EXTRACTED DATA START

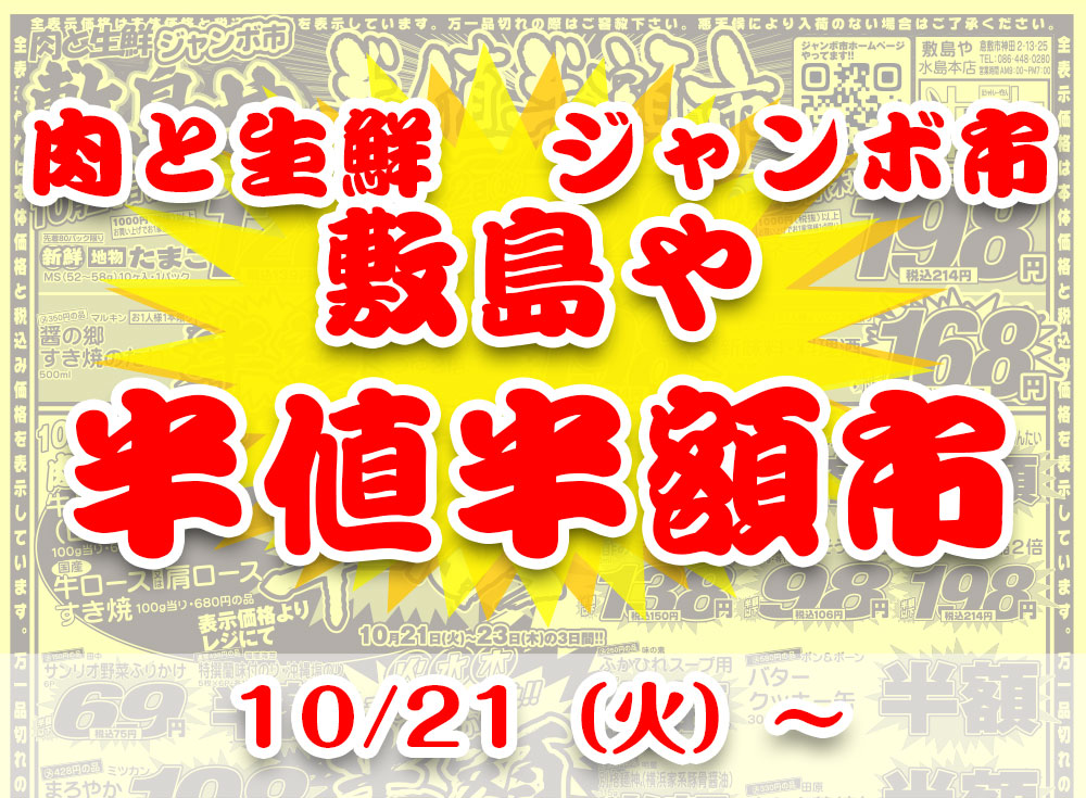 肉🥩と生鮮ジャンボ市 敷島や水島店では【朝市!夕市!ジャンボ市‼】と題して 様々なイベントを開催中‼ 月曜日には17時から【夕市】開催!野菜や果物を全品売り尽くし特価!! 火曜日にはオープンから【朝市】開催!各部門売り場にて激安大特価で販売。商品が無くなり次第終了なので、お早目のご来店を…
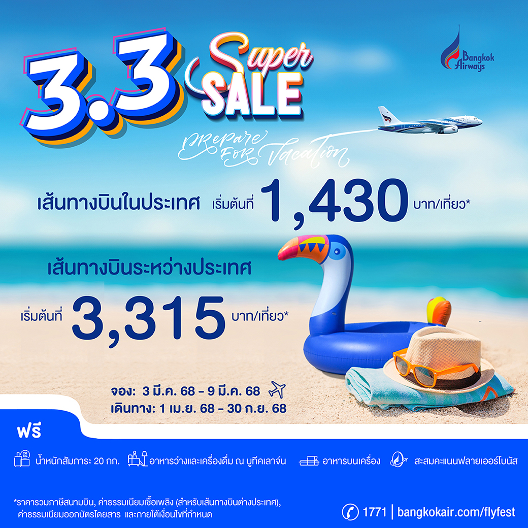 บริษัท การบินกรุงเทพ จำกัด (มหาชน) หรือ สายการบินบางกอกแอร์เวย์ส เสนอโปรโมชั่นพิเศษ “3.3 Super Sale” เตรียมเก็บกระเป๋าให้พร้อม แล้วพุ่งตัวไปพักร้อน ด้วยตั๋วเครื่องบินราคาสุดคุ้มสำหรับเส้นทางบินภายในประเทศ เริ่มต้นที่ 1,430 บาท/เที่ยว* และเส้นทางบินระหว่างประเทศ เริ่มต้นที่ 3,315 บาท/เที่ยว* เปิดจองพร้อมกันทางเว็บไซต์ http://www.bangkokair.com/flyfest ตั้งแต่วันที่ 3-9 มีนาคม 2568 และเดินทางได้ตั้งแต่วันที่ 1 เมษายน -30 กันยายน 2568
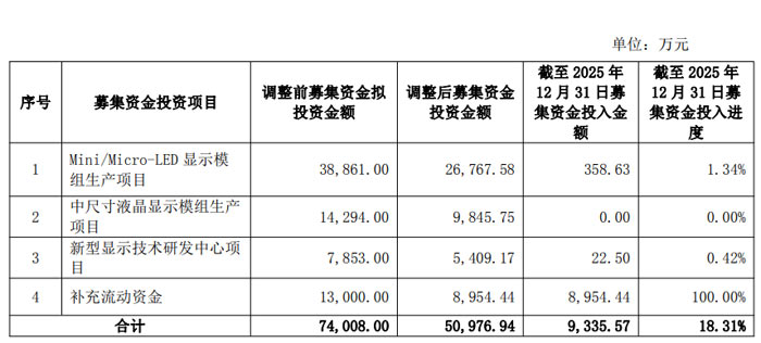 截至 2025 年 12 月 31 日,募集資金累計投入 0.93 億元,整體投入進度 18.31%,具體項目投入情況如下:
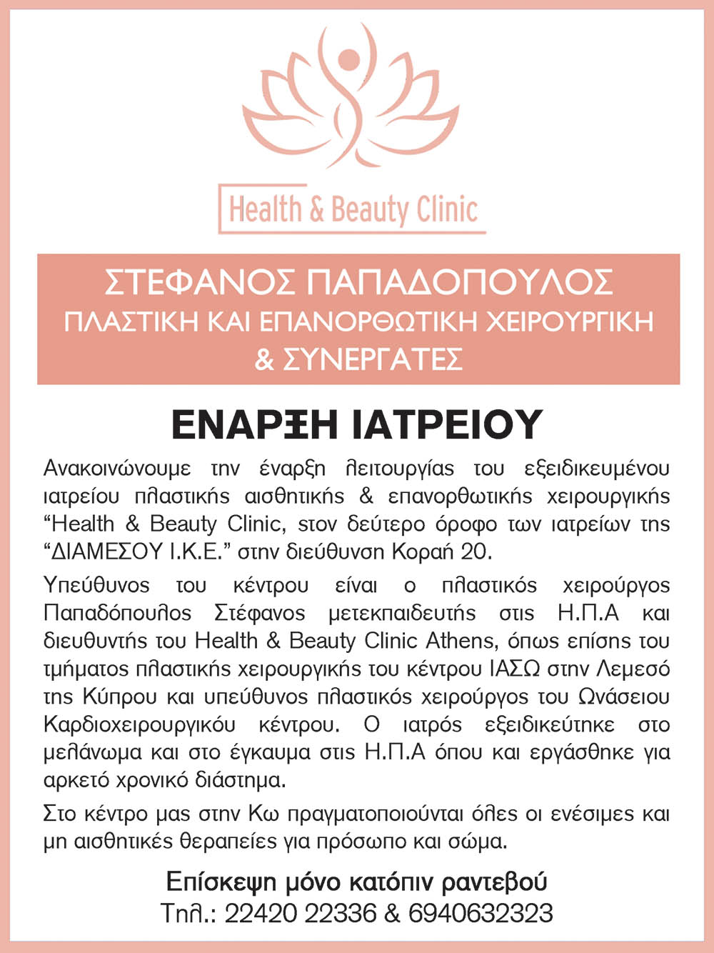 Ανακοινώνουμε την έναρξη λειτουργίας του εξειδικευμένου ιατρείου πλαστικής αισθητικής & επανορθωτικής χειρουργικής “Health & Beauty Clinic.
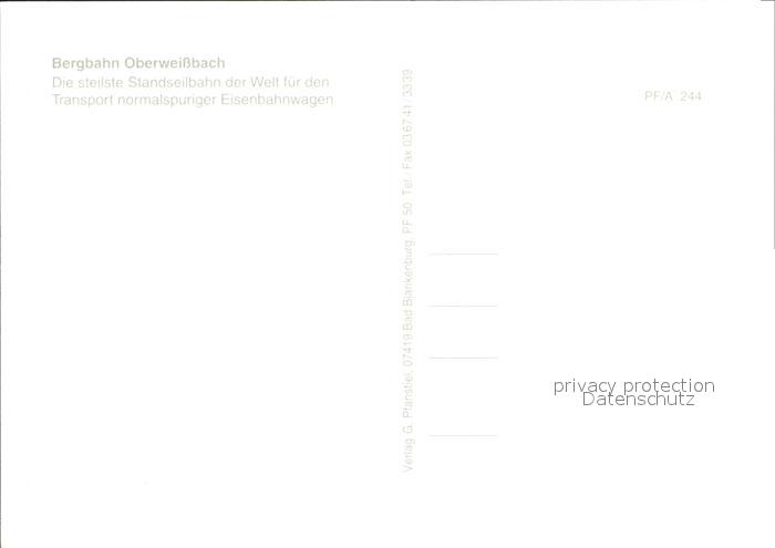 Bergbahn Oberweissbach postalisch nicht gelaufen Erhaltung siehe scans
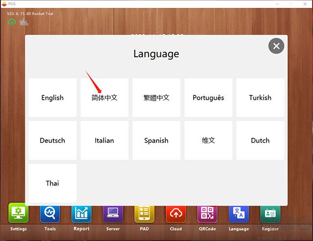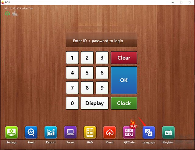 1、進入聚客餐飲管理系統(tǒng)后點擊右下角語言設置選項。
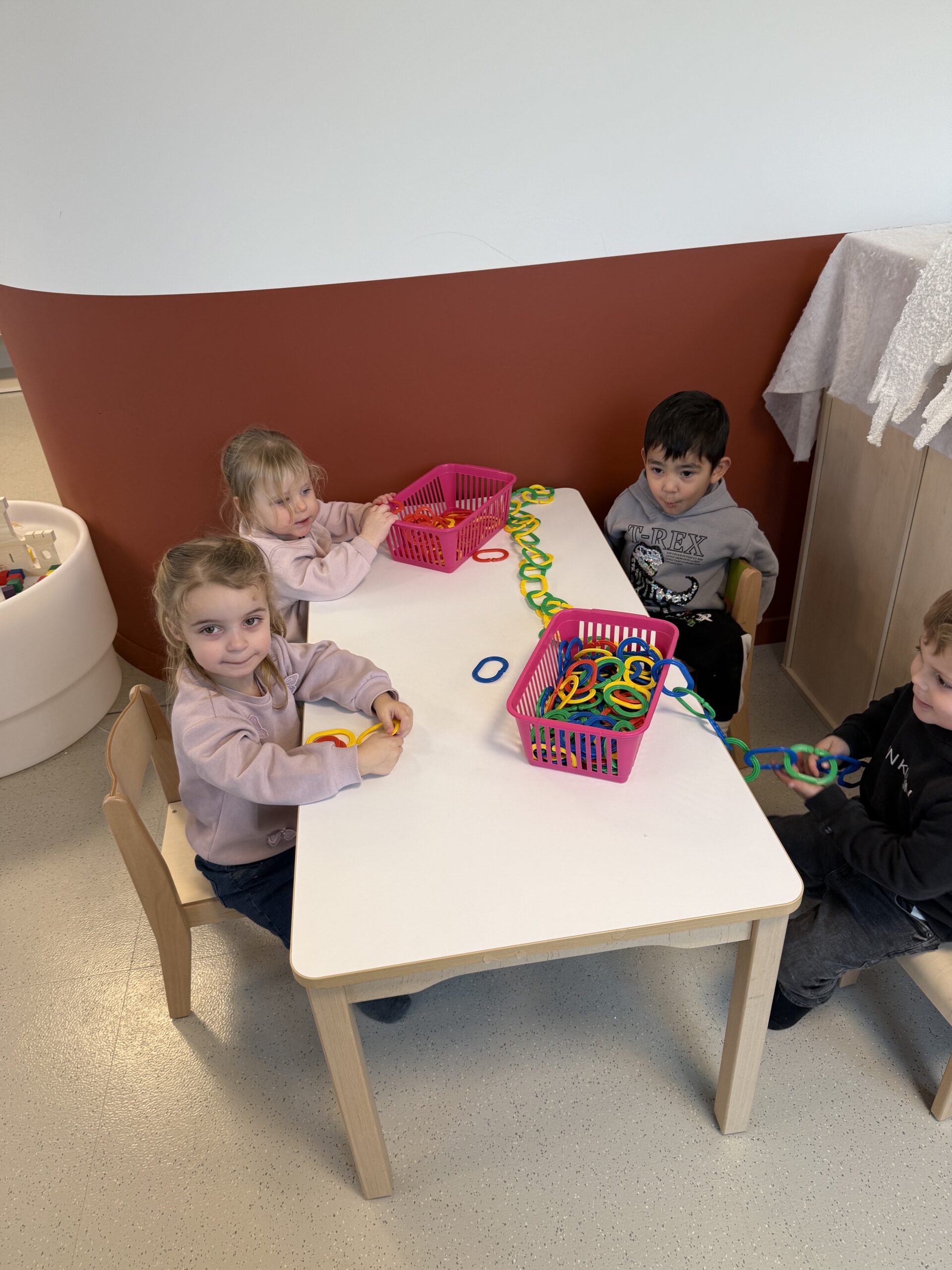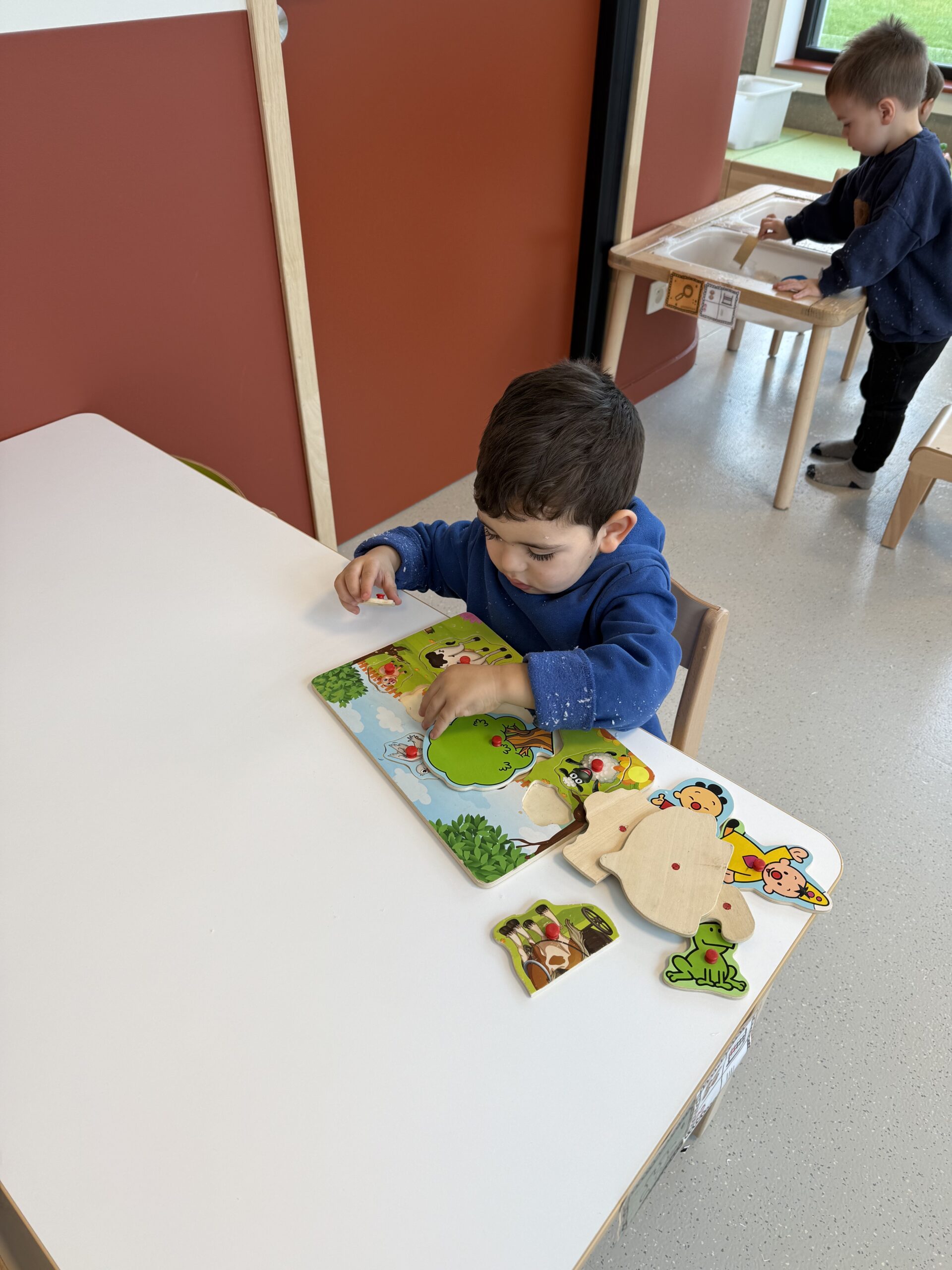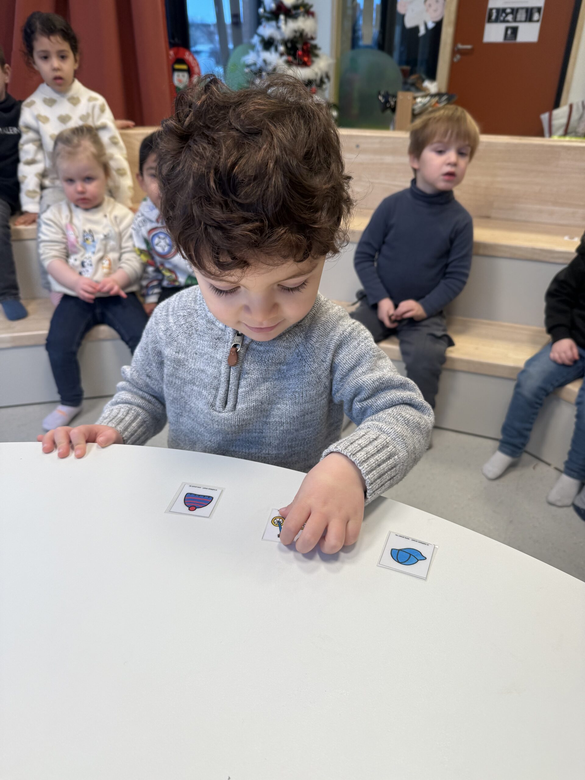 Aan de verteltafel ontdekten de kinderen een sneeuwlandschap waar zowel de peuters als de eerste kleuters hun fantasie volledig de vrije loop konden laten. Juf keek vol trots toe naar de mooie gesprekken die spontaan ontstonden.

EXTRACTED DATA END

▶ _TASK REQUIREMENTS_
Each line from the one holding "Bergbahn Oberweissbach postalisch" to the end of the records above must be copied exactly; the pictures must not be copied.

▶ _OUTPUT BELOW_
 Bergbahn Oberweissbach postalisch nicht gelaufen Erhaltung siehe scans
 1、進入聚客餐飲管理系統(tǒng)后點擊右下角語言設置選項。
 Aan de verteltafel ontdekten de kinderen een sneeuwlandschap waar zowel de peuters als de eerste kleuters hun fantasie volledig de vrije loop konden laten. Juf keek vol trots toe naar de mooie gesprekken die spontaan ontstonden.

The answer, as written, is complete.